→ **ABOUT THIS EXERCISE**
Output, exactly and in full, only the lines from the one containing "白水晶|記憶X生財 聚焦、集中、擴大記憶的功能,是所有能量的綜合體。" to the last line of the data. Pictures should not appear.

SUPPLIED INFORMATION section start

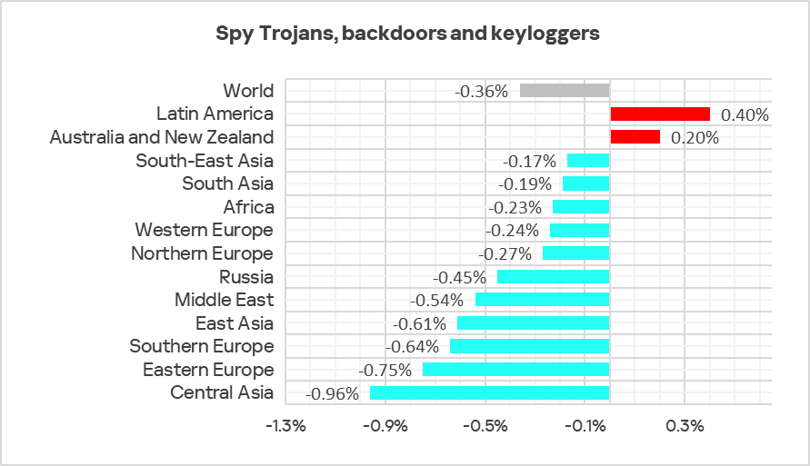 During the quarter, the percentage of ICS computers on which spyware was blocked increased in Latin America, and Australia and New Zealand.
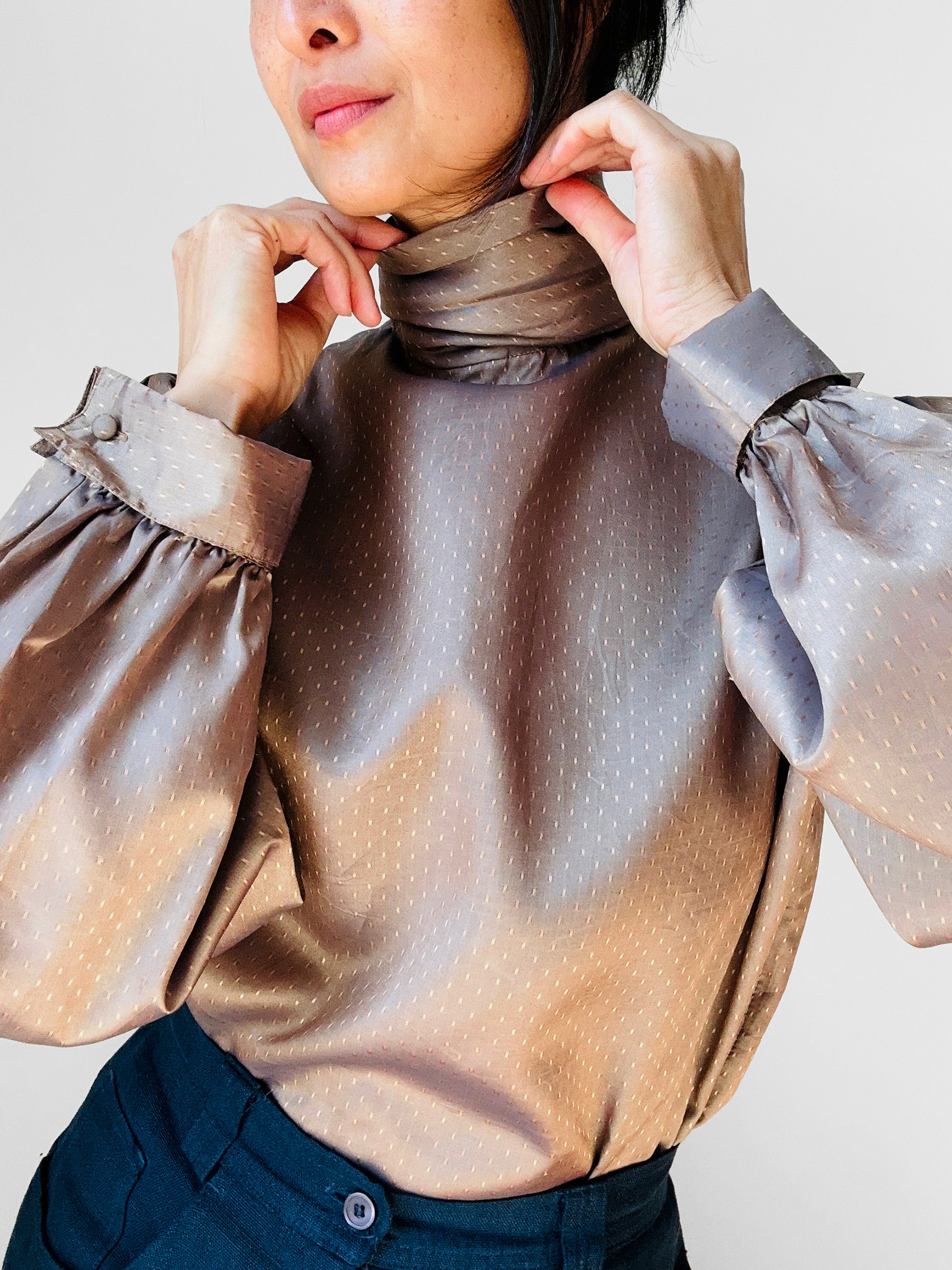 DESCRIPTION: This blouse is pure 80s glam and makes a statement without even trying. From the elegant ruched collar to the delicate metallic gold thread shimmering against the smooth taupe fabric, every detail is perfection. The structured silhouette gives it a polished edge, while the subtle sparkle adds just the right amount of drama. Pair it with high-waisted trousers for a power-dressing moment or tuck it into a sleek pencil skirt for evening chic. This isn’t just a blouse—it’s a showstopper that brings vintage sophistication into the modern wardrobe.
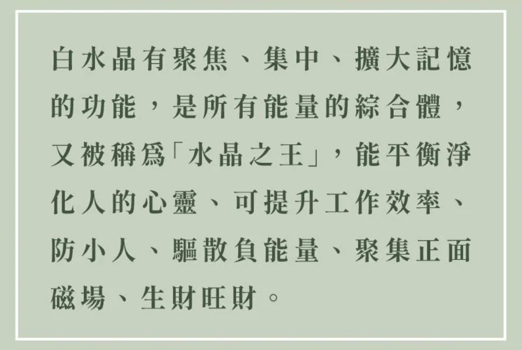 白水晶|記憶X生財 聚焦、集中、擴大記憶的功能,是所有能量的綜合體。
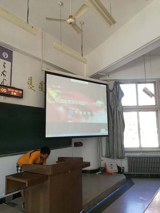 6月26日,在文馨书院C113,mobile28365团总支组织部组织全体团学干部及各班班委共同观看中国共产主义青年团第十八次全国代表大会。

SUPPLIED INFORMATION section end

→ **SOLVED PROBLEM**
 白水晶|記憶X生財 聚焦、集中、擴大記憶的功能,是所有能量的綜合體。
 6月26日,在文馨书院C113,mobile28365团总支组织部组织全体团学干部及各班班委共同观看中国共产主义青年团第十八次全国代表大会。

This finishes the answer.